Inevitably, of course, there was always a danger of divided loyalties arising from such postings. Working side by side with the professional staff to whom they had been attached, ISD's 'outriders' were like scouting parties sent far afield from the main body of their troops. They had to learn to speak a different language, accommodate to new ways and, not surprisingly, to view public relations problems from a different perspective.

The best of them displayed precisely the kind of initiative they were expected to display, and clung to their standpoint even if it put them at odds with headquarters back in ISD. It was a learning experience, both for them and - more especially - for their superiors in the information grade. How much free rein should you allow the hounds in pursuit of the quarry, particularly if the quarry was something they could scent better than you could?

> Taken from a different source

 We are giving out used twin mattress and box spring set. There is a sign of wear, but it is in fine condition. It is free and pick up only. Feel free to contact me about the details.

Irene Yau, one of the earliest to head a departmental unit, describes the experience as almost schizophrenic. "Not only are you torn between your department head and your boss back in GIS, but you are also torn between the government and the media.

"The media find it difficult to trust us because they think of us as civil servants, and civil servants ask 'Which side are you on? The media's or ours?' If you defend the media to your fellow civil servants you're suspected of aiding and abetting them. What too many of them fail to realise is that we're actually there to help them."

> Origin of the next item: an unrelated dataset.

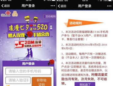 作者:qqtn强柔 人气:0浪漫七夕,福建联通推出给力活动!如果你想免费领取520M流量的话,那就来看看本文活动详情吧,只需输入手机号,即可领取有爱的520M流量哦!本活动仅限福建用户参加!

Once she became DIS herself, Irene found it surprising how often civil servants would cling to the mistaken belief that GIS still exercised responsibility for the by then long independent Radio Television Hong Kong.

"I was frequently challenged by quite senior officials, who should have known better, to explain what I intended to do about RTHK. My response was I was the same rank as the Director of Broadcasting, over whom I had absolutely no control," she said.

By 1976 the number of departmental units had grown to 15, the latest - and for a long time the smallest - being in the Civil Aviation Department. Whereas 'our man at Kai Tak' had at least one genuine hijacking to deal with, most departmental units were left to cope with crises that spared them any risk to life and limb. Sensing that too much reality would blunt their taste for adventure, government decided, every now and then, to stage an imaginary security exercise that would prod civil servants out of their seats and on to their toes.

Even though ISD was consulted on the preparation of the scenarios for these exercises, and expected to loan its personnel to staff imaginary 'news media', information was the last priority in the minds of those senior government personnel who responded to the often highly improbable circumstances devised by the authors of these exercises.

Frequently the pace of events was so unrealistically exaggerated that the 'media' were asking questions regarding events that had not been notified to the operations centres. Police Commissioner Roy Henry, for example, was left flatly denying, at a simulated press conference, that any hostages had been taken from a fictional consular office, even when shown photographs of 'deceased hostages' left to hang from the consulate balcony.

On another occasion ISD personnel, about to come off duty from a harrowing session in the subterranean recesses of Central Government Offices, were denied permission to leave the premises on the grounds that a sniper was posted in the bell tower of St John's Cathedral to cover the rear entrance. How he might have gained access to this sanctuary without killing the sexton and stealing the keys was a detail conveniently overlooked.

What about the front entrance? was the exasperated response. Before the exercise controllers could quickly vary the scenario, by posting a second sniper in the tree dominating the main quadrangle, the ISD contingent made its escape.

  • In Nov 1999, there were 26 departmental units and 10 Secretariat Press Offices.